Prix de l’énergie et superprofits
Question de :
M. Thierry Sother
Bas-Rhin (3e circonscription) - Socialistes et apparentés
Question posée en séance, et publiée le 8 avril 2026
PRIX DE L'ÉNERGIE ET SUPERPROFITS
Mme la présidente . La parole est à M. Thierry Sother.
M. Thierry Sother . 2 euros 25 à Paris, 2 euros 15 à Strasbourg, rupture de stock à Schiltigheim… Partout en France, le prix de l'essence explose. Derrière la hausse des carburants, il y a des conséquences sur les professionnels du social, sur l'infirmière libérale, sur l'artisan, sur le parent isolé, sur la famille qui doit parcourir des kilomètres pour accompagner un enfant à une compétition sportive… Quand le carburant flambe, ce sont toujours les mêmes qui paient l'addition : ceux qui soignent, ceux qui aident, ceux qui travaillent, ceux qui accompagnent, ceux qui vivent loin des centres ! (Applaudissements sur les bancs du groupe SOC.) À la veille de ce grand week-end, j'ai vu une grand-mère retraitée comparer sur son cahier les prix à la pompe pour savoir dans quelle station elle se rendrait et si elle pourrait alors aller visiter sa famille.
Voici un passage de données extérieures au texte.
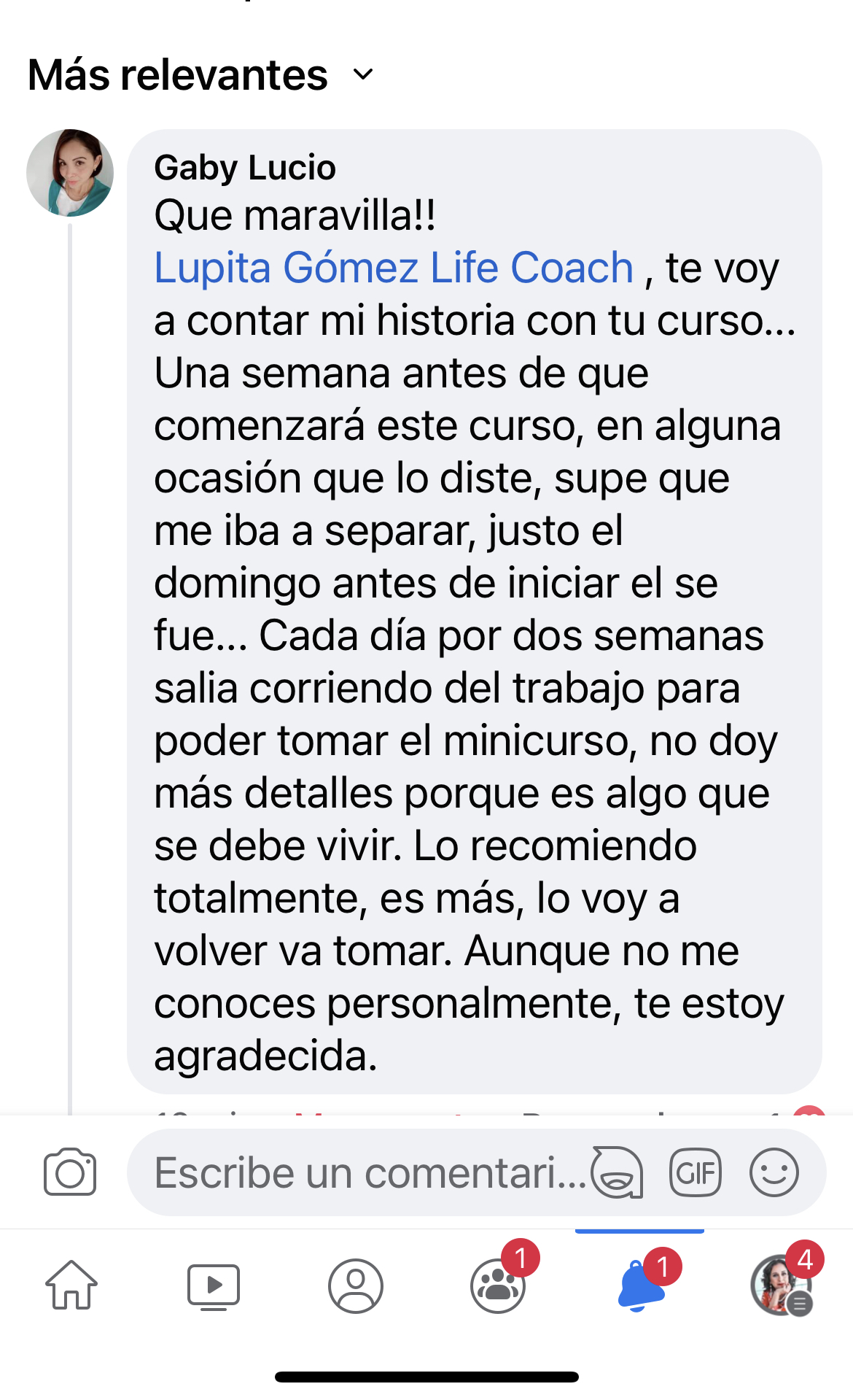“No puedo creer lo claro que entendí algo que ni en terapia había podido ver. Tenía miedo a sentirme sola, no a estar sola. Hoy confío en que mi vida ya no depende de causas externas.” Gracias!!!
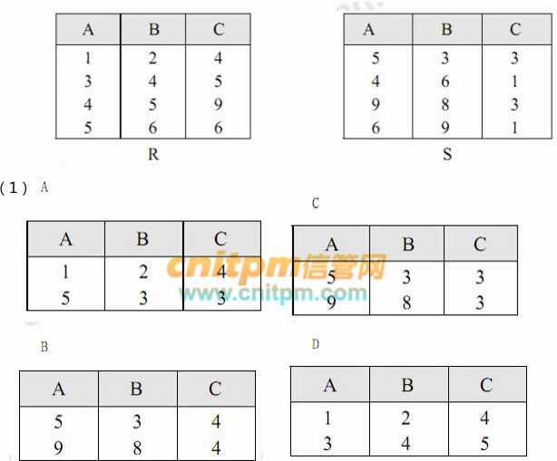 关系 R、S 如下图所示,关系代数表达式π3,4,5(σ1<6(R×S) )=(1),对关系 R、S 进行自3,4,5然连接后的属性列数和元组个数分别为 (2) 。 (1)A. AB. BC. CD. D(2)A、3 和 0 B、3 和 2 C、6 和 0 D、6 和 2
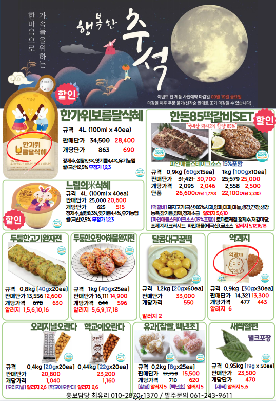 [동원에프엔에프] 삼양모닝 10월 단가표
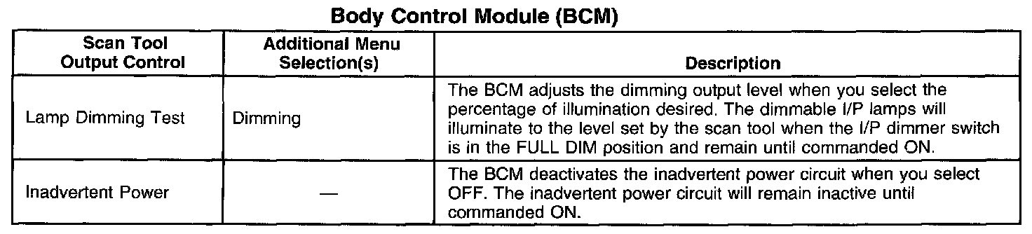 Scan Tool Output Controls - Body Control Module (BCM) Part 2:
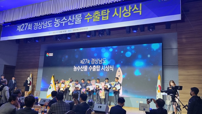 [½Ã»çÄÚ¸®¾ÆÀú³Î=Á¤Á¾¹Î ¼±ÀÓ±âÀÚ] °ÅⱺÀº 3ÀÏ Ã¢¿øÄÁº¥¼Ç¼¾ÅÍ¿¡¼ µµÁö»ç¸¦ ºñ·ÔÇÑ ¼öÃâ°ü°èÀÚ 200¿© ¸íÀÌ Âü¼®ÇÑ °¡¿îµ¥ ¿¸° Á¦27ȸ °æ»ó³²µµ ³ó¼ö»ê¹° ¼öÃâž ½Ã»ó½Ä¿¡¼ ³ó¼ö»ê¹° ¼öÃâ½ÃÃ¥ Æò°¡ ºÎ¹® ±â°ü Àå·Á»óÀ» ¼ö»óÇß´Ù.
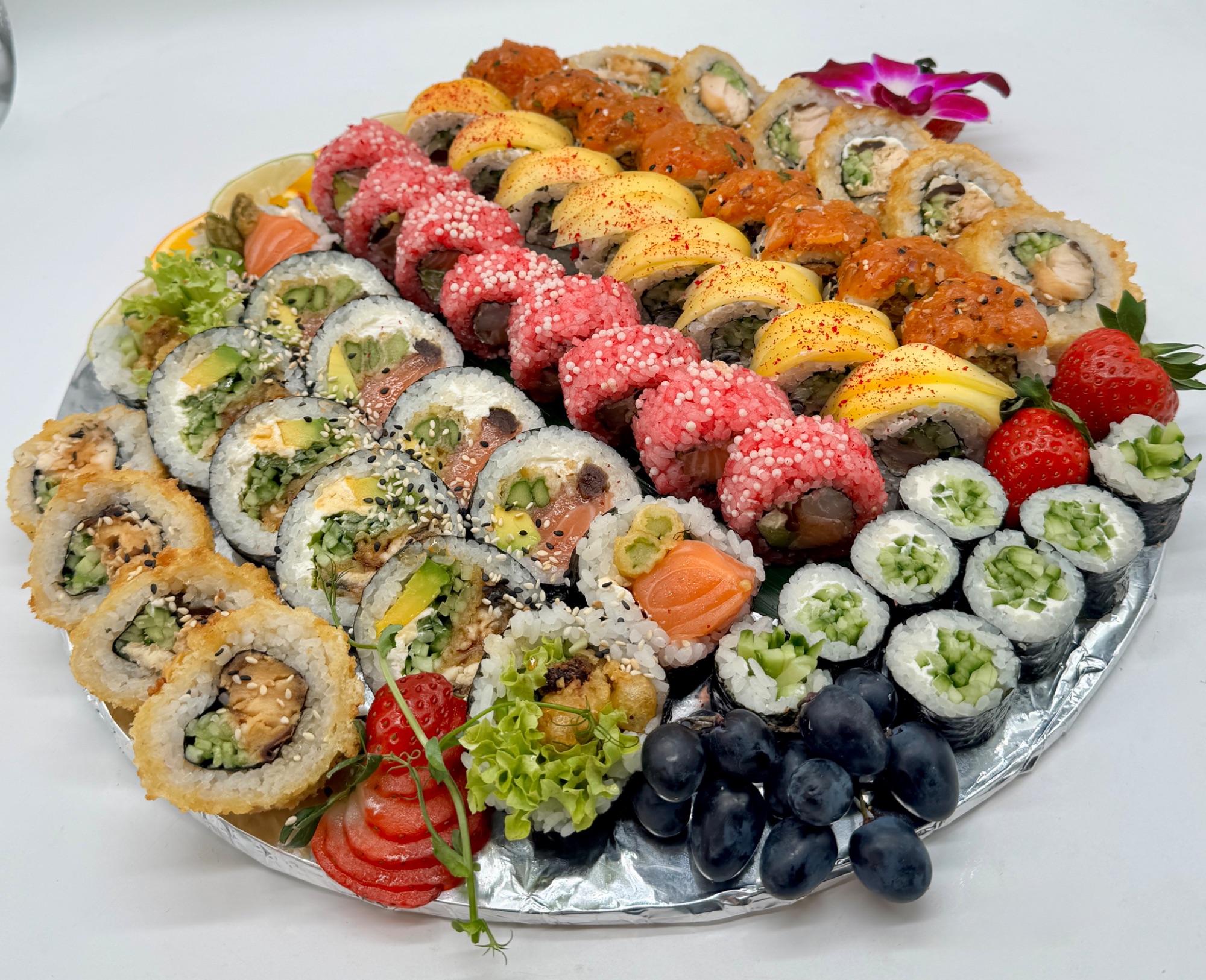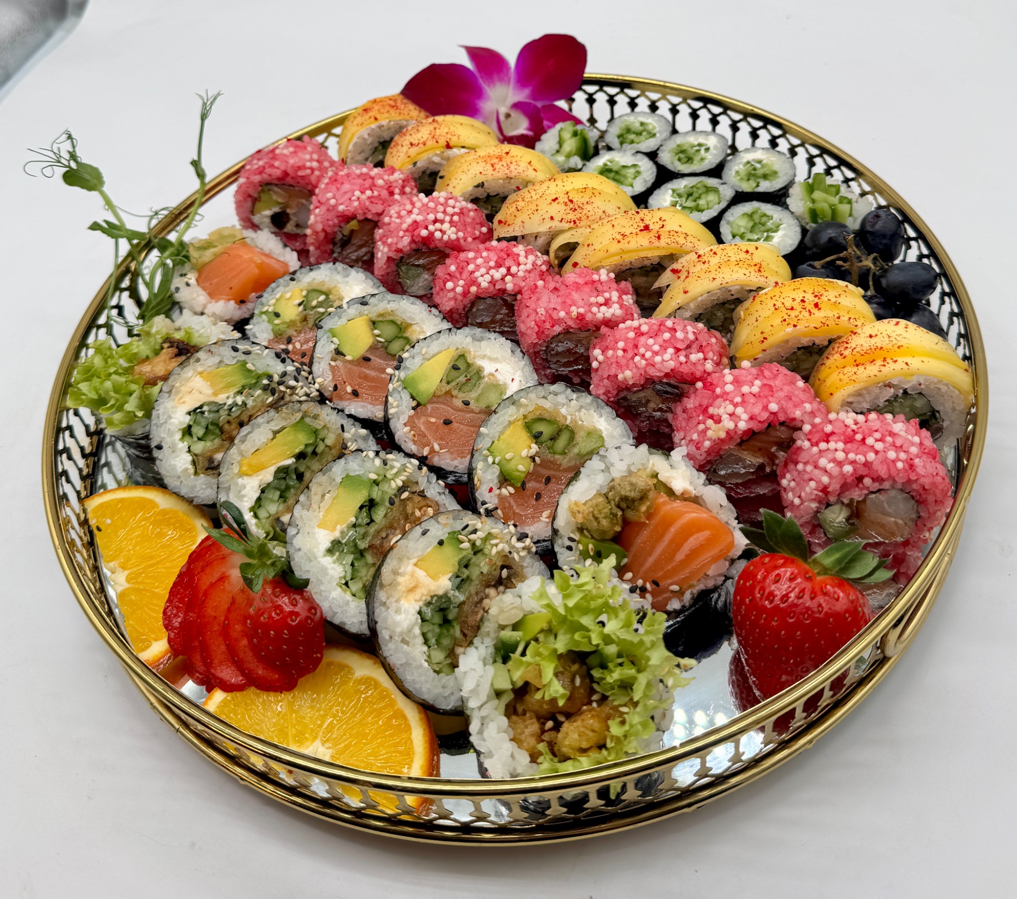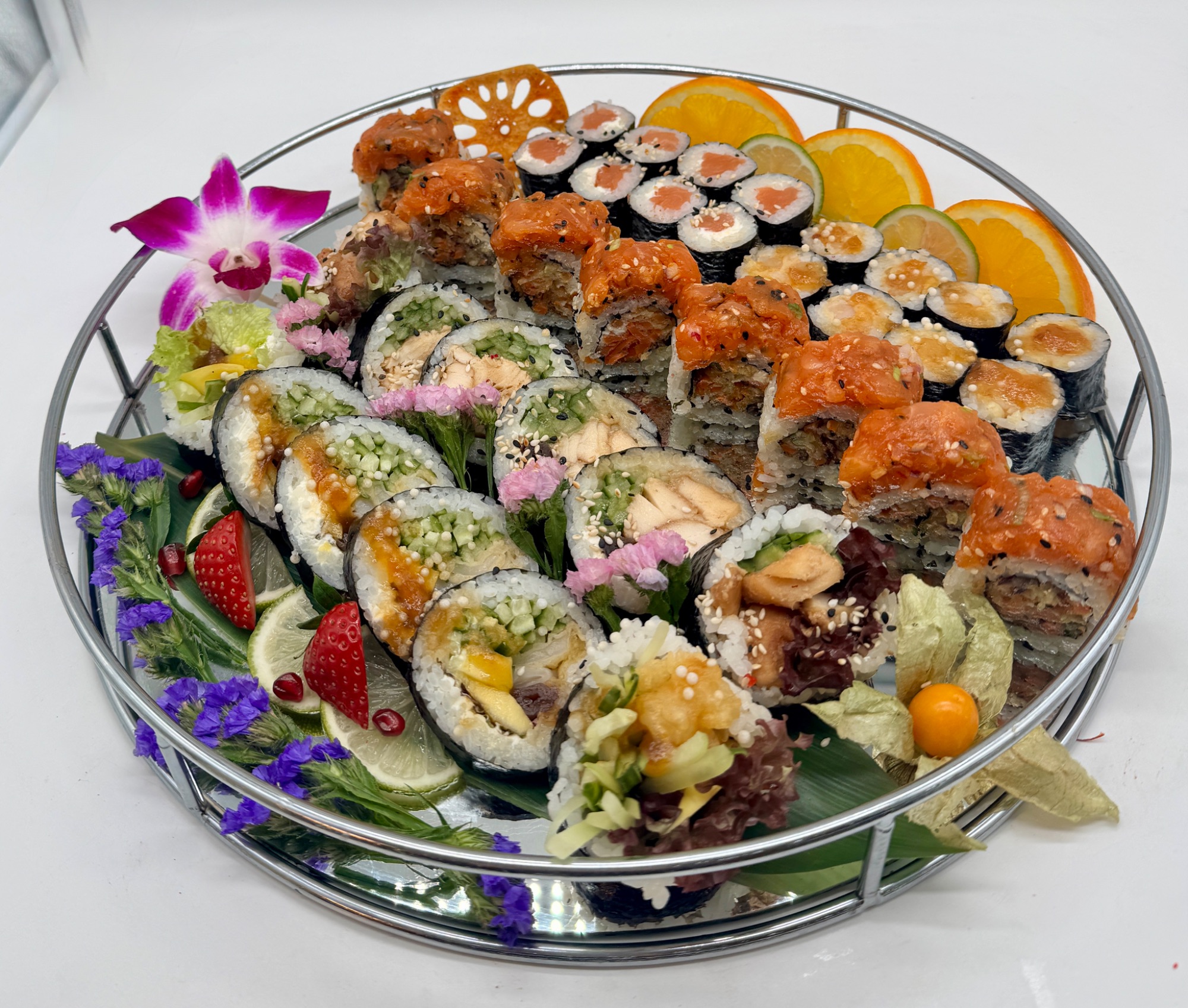 Każdy zestaw będzie pięknie ozdobiony, polany dedykowanymi sosami oraz posypany sezamem.
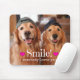 Este mousepad caracteriza uma fotografia de dois cães de sorriso do golden retriever que vestem bonés de beisebol. O texto lê, "sorri! Alguém ama-o!"  Aperfeiçoe para o dia dos namorados!
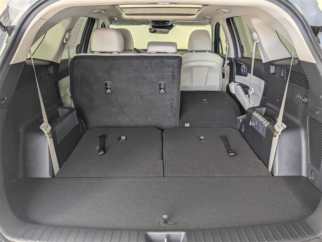 Features:Panoramic Sunroof Package (LED Interior Lighting and Panoramic Power Sunroof w/Power Sunshade), 3rd row seats: split-bench, 4-Wheel Disc Brakes, 6 Speakers, ABS brakes, Air Conditioning, Alloy wheels, AM/FM radio: SiriusXM, Apple CarPlay & Android Auto, Auto High-beam Headlights, Auto-Dimming Mirror w/HomeLink, Automatic temperature control, Brake assist, Bumpers: body-color, Carpeted Floor Mats, Delay-off headlights, Driver door bin, Driver vanity mirror, Dual front impact airbags, Dual front side impact airbags, Electronic Stability Control, Emergency communication system: 911 Connect, Exterior Parking Camera Rear, Four wheel independent suspension, Front anti-roll bar, Front Bucket Seats, Front Center Armrest, Front dual zone A/C, Front reading lights, Fully automatic headlights, Heated door mirrors, Heated Front Bucket Seats, Heated front seats, Illuminated entry, Knee airbag, Leather Shift Knob, Leather steering wheel, Low tire pressure warning, Navigation System, Occupant sensing airbag, Outside temperature display, Overhead airbag, Overhead console, Panic alarm, Passenger door bin, Passenger vanity mirror, Power door mirrors, Power driver seat, Power steering, Power windows, Radio data system, Radio: AM/FM Standard Sound System, Rear anti-roll bar, Rear reading lights, Rear seat center armrest, Rear side impact airbag, Rear window defroster, Rear window wiper, Remote keyless entry, Security system, Speed control, Speed-sensing steering, Split folding rear seat, Spoiler, Steering wheel mounted audio controls, SynTex Artificial Leather Seat Trim, Tachometer, Telescoping steering wheel, Tilt steering wheel, Traction control, Trip computer, Turn signal indicator mirrors, Variably intermittent wipers, and Wheels: 18" Gloss Black Alloy. Dealer Discount of $2,707 off MSRP
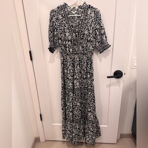 Chic maxi dress with a floral design. Features a flattering fit and elegant style. Super cute and easy to dress up or down.
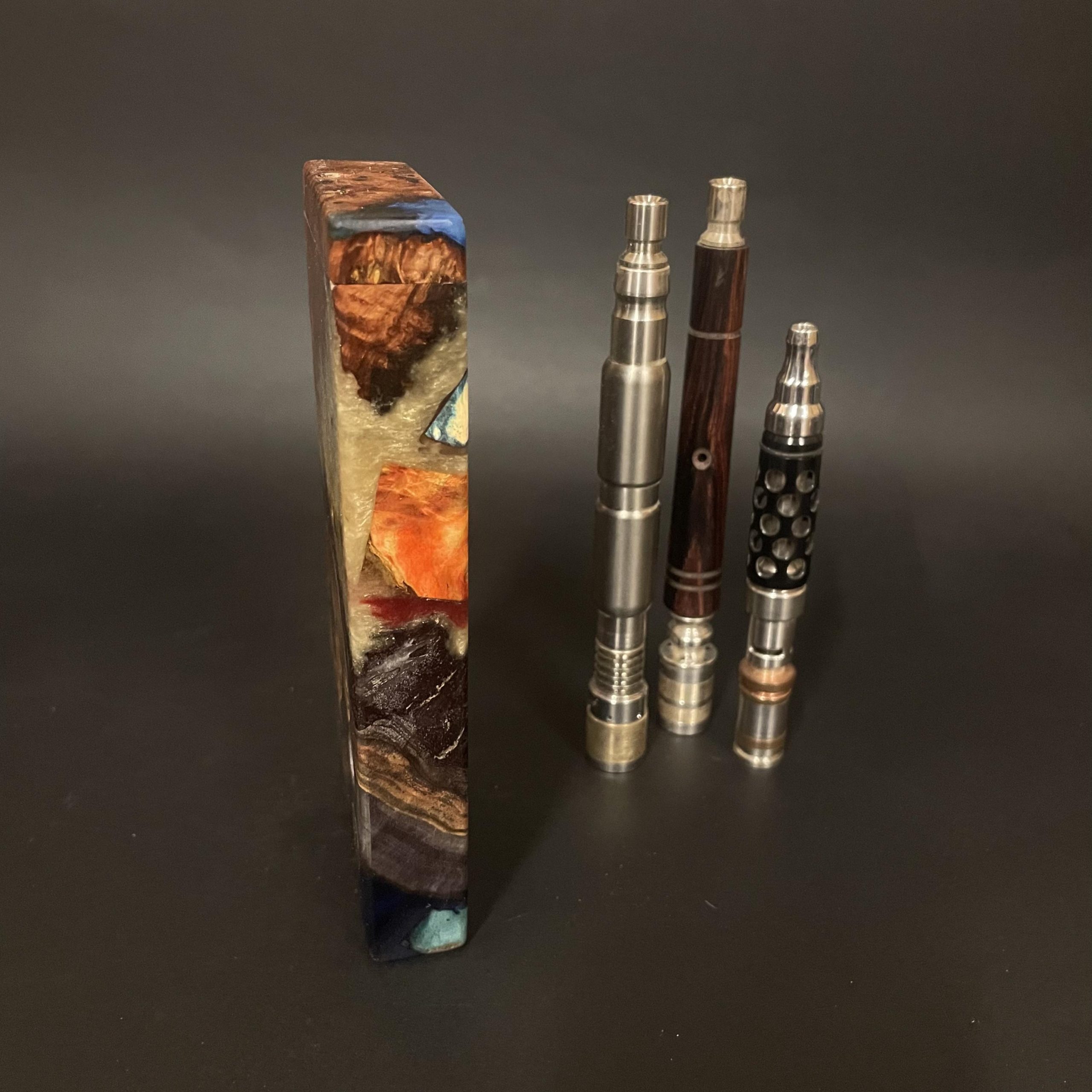Experience the seamless integration of natural beauty and artistic design with our Futo Galaxy Burl Stashes. Made from stabilized burl wood and accented with resin cast details, each piece highlights the intrinsic patterns of the wood. With the addition of dyes, these patterns come to life, often bearing a striking resemblance to cosmic imagery. Our FutoStash range features a limited edition of uniquely numbered items, each a testament to the subtle elegance of natural forms and artistic expression.
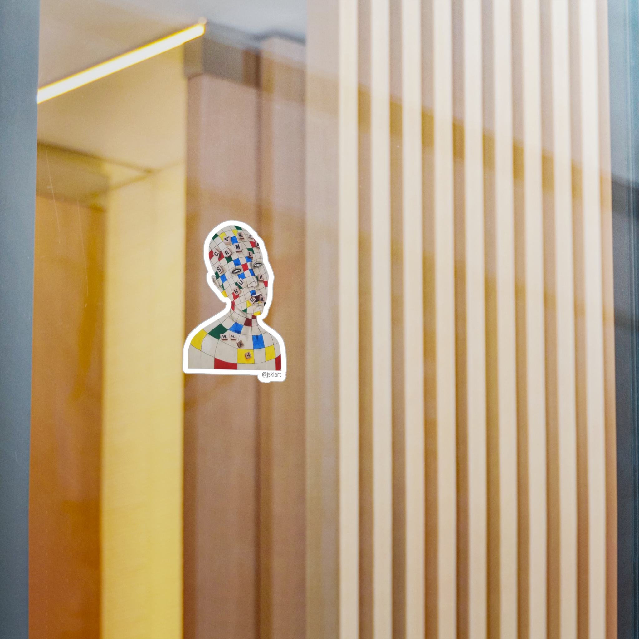 This head is from my original painting “Scrambled,” representing the return to standardized education after a traumatic brain injury, in part of a larger portfolio.
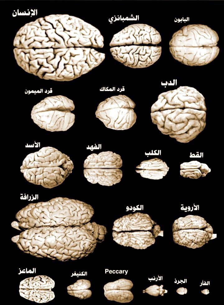 اشكال وأحجام الدماغ لعدد من الكائنات الحية بما فيها الإنسان. يزن المخ فى الإنسان حوالى 1.4 كجم أو ما يعادل 2-2.5% من
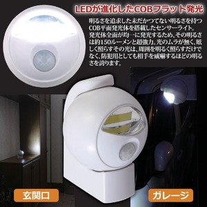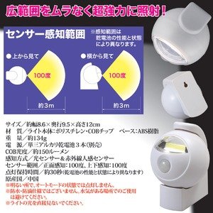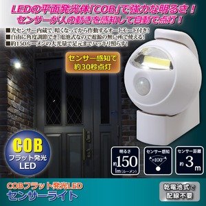 - 【出荷目安】:3 - 8営業日 ※土日・祝除く 【同梱区分】:TS 1102 【梱包サイズ】:通常商品 ●LEDの平面発光体「COB」のセンサー感知ライトが登場! ●動きを感知して自動で点灯!自由に角度も調節できる! ●光センサー内蔵で、暗くなってから作動するオートモード付き! ●約150ルーメンの大光量で足元までハッキリ照らす! 夜間の帰宅時に、玄関が暗いのは防犯的にもあまり良くありません。そこでセンサー感知して点灯してくれるLEDライトが大変便利です。置いたり壁に付けても使えますが、乾電池式なのでポンっと気軽に設置できるのがイイところです。角度も自由に変えることができ、感知後、約30秒間点灯します。明るさは、センサーライトとしては初めてのLEDの平面発光体「COB」を搭載。未だかつてない明るさを体感できます。発光体全面が均一に発光するため、その明るさは約150ルーメンと超強力。光のムラが無く、眩しく照らすその光は、周囲を明るく照らすだけでなく、防犯用としても相手を威嚇するほどの明るさを誇ります。 【商品名】 COBフラッ …★以降詳細は【商品の説明】文面をご参照下さいませ★
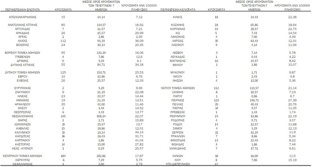 Στην Αττική εντοπίστηκαν 783 νέα κρούσματα, εκ των οποίων τα 184 στο κέντρο της Αθήνας, ενώ 245 νέες μολύνσεις καταγράφηκαν στη Θεσσαλονίκη και 112 στην Αχαΐα.

Qui sait combien de personnes ont dû renoncer à voir leur famille ce week-end pour ne pas avoir à se priver durant tout un mois ? Se déplacer devient un luxe tandis que la voiture est encore une nécessité !
De cette crise, il y en a même qui tirent profit ! Le rapport Greenpeace nous apprend que les compagnies pétrolières enregistrent 80 millions d'euros de surprofits par jour à l'échelle européenne ! J'ai bien dit 80 millions de surprofits par jour ! Déjà cinq États – l'Allemagne, l'Espagne, l'Italie, le Portugal et l'Autriche – demandent une taxation européenne des surprofits énergétiques (Mêmes mouvements) pour financer des aides aux consommateurs. Mais où est la France ? Les socialistes ont formulé des propositions : chèques ciblés pour les ménages les plus en difficulté et baisse des taxes de l'État sur l'essence, le tout financé par les surprofits de l'État et surtout par la taxation des groupes pétroliers qui profitent de la crise. (Applaudissements sur plusieurs bancs du groupe SOC.)
M. Sylvain Maillard . Encore des taxes !
M. Thierry Sother . Mais le gouvernement reste dans l'attentisme au plan national comme au plan européen pendant que les Françaises et les Français, eux, paient l'addition chaque jour un peu plus cher… À Paris, l'exécutif hésite ; à Bruxelles, la France est absente. Quand allez-vous sortir de l'attentisme et dépasser enfin les seules mesures sectorielles ? Allez-vous, au nom de la France, défendre à l'échelle européenne la taxation des surprofits pour que les bénéfices des compagnies pétrolières ne se paient plus par le recul du pouvoir de vivre des Français ? (Vifs applaudissements sur les bancs du groupe SOC.)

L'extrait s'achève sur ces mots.